8.5. Summary of Extended Study
The safety and effectiveness of the Earlens Hearing Aid was monitored beyond the 4 months of the
Definitive Study. In the Extended Study, 24 subjects (48 ears) opted to continue wearing the Earlens
Hearing Aid after completing the Definitive study. At the conclusion of the Extended Study, 33 ears had at
least 12 months of cumulative Lens wear with no change in unaided air conduction hearing thresholds
under earphones.
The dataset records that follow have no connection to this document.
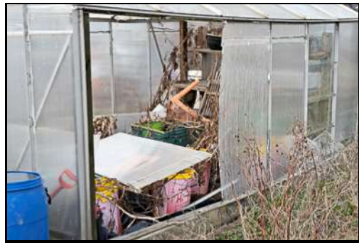
DSCF8890 ISO 400 X-T3 1/160 sec at
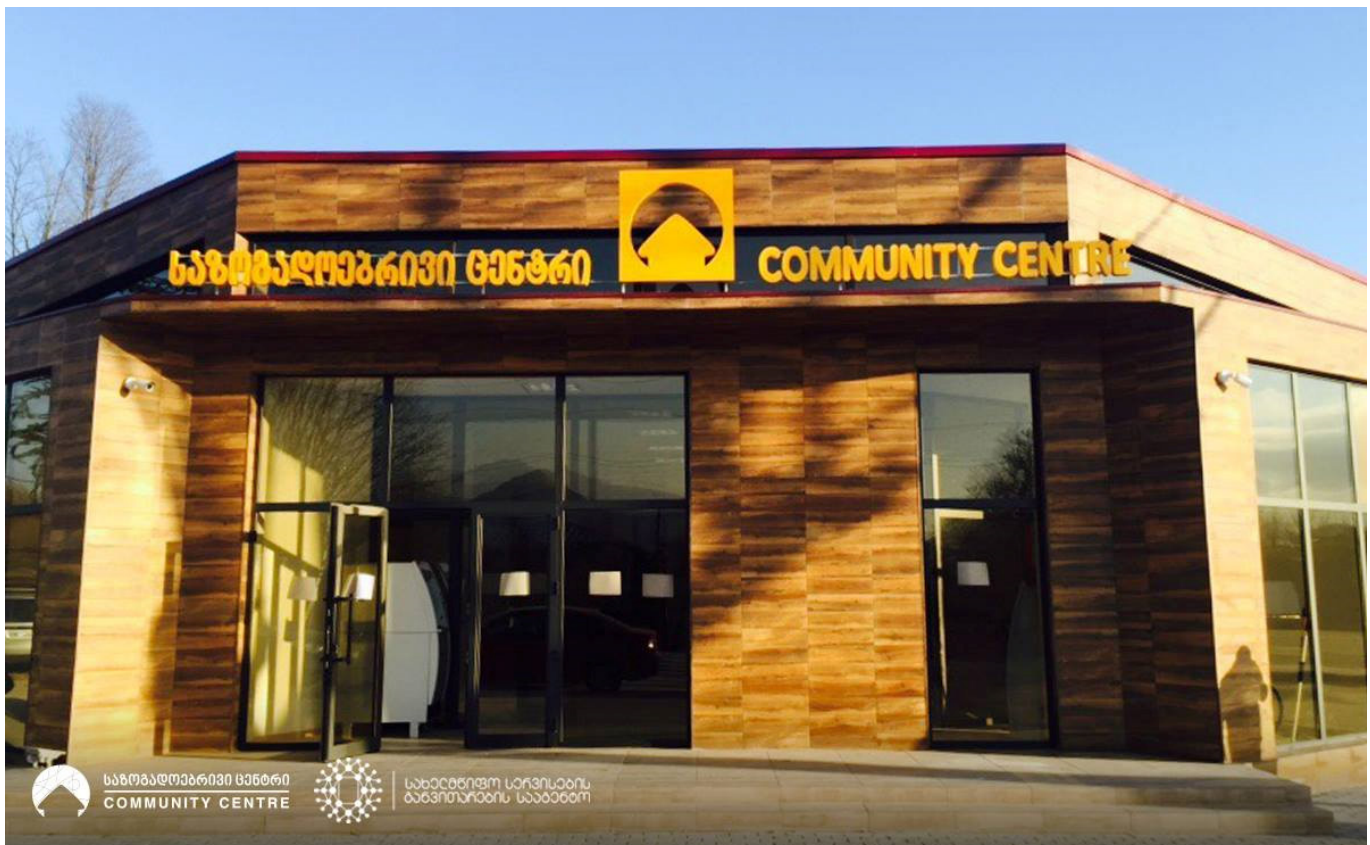
Picture 7 - Community Centre in Georgia
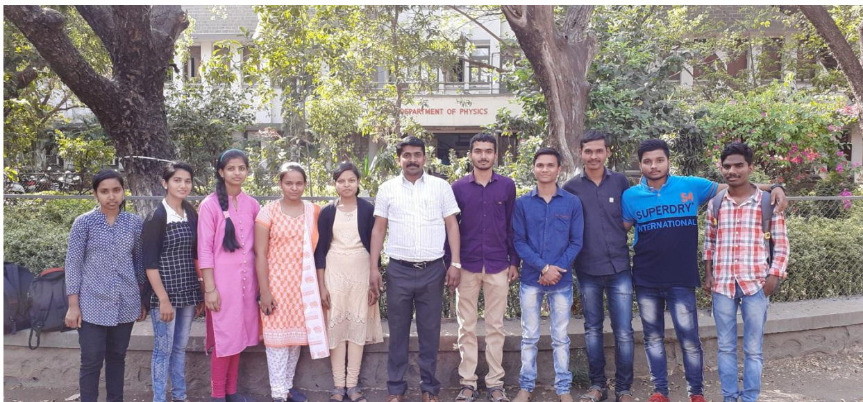
Study Tour to Savitribai Phule Pune University on the occasion of National Science day on 28 th February 2019.
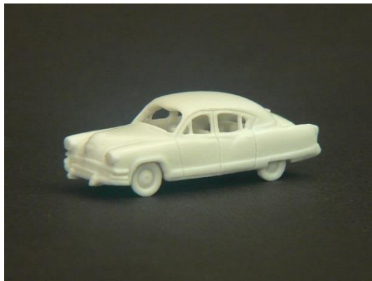
1953 Kaiser Manhattan 4 door

Of the 24 active subjects in the Extended Wear Study, 11 related AEs were
experienced by 8 subjects in 10 ears. All events were temporary and resolved. Nine of 11 AEs were
related to ear cleaning pre-impression (3 AEs), the impression procedure (4 AEs), or the inspection
process pre-impression (2 AE). Two of the related AEs were attributed to Light Tip fit and both were
resolved after Light Tip modification. One subject continues to report a sensation of fullness.
Driven on the results of the Definitive study, the Earlens Hearing Aid has been shown to be safe and
effective in delivering the full spectrum of amplification from 125 to 10,000Hz.
9. Operating Instructions
9.1. Ear Canal Impression
Before making the ear canal impression using the Earlens Impression System, please read and follow the
precautions and procedures found in the Earlens Impression System Instructions for Use.
9.2. Lens Placement
a. Visually inspect the Lens packaging. DO NOT use if there is any visible damage.
b. Explain to the patient that the ear will be inspected and cleaned, then lubricated with oil (which
may cause some sensations of stuffiness), and the device will be inserted. Instruct the patient to
remain still during the procedure.
c. With the patient in the supine position, use a binocular microscope to inspect the external
auditory canal and the tympanic membrane and determine if there are any contraindications for
Lens placement.
d. Remove all cerumen and epithelial debris from the ear canal, anterior sulcus and tympanic
membrane using the usual office instrumentation and small cotton swabs with mineral oil. If there
is any bleeding or development of contraindications as a result of cleaning of the ear canal, do
not place Lens.
e. Lubricate the ear canal and TM with mineral oil.
f.
Read the package label to confirm that the device is for the right patient and ear (Left or Right).
The right device is identified by a red dot. The left device is identified by a blue dot. In addition to
the label, the Grasping Tab is located on the right side of the Photodetector for a right-ear device
and on the left side of the Photodetector for a left-ear device.
g. Grasp the Lens at the Grasping Tab (Figure 2) using smooth alligator forceps.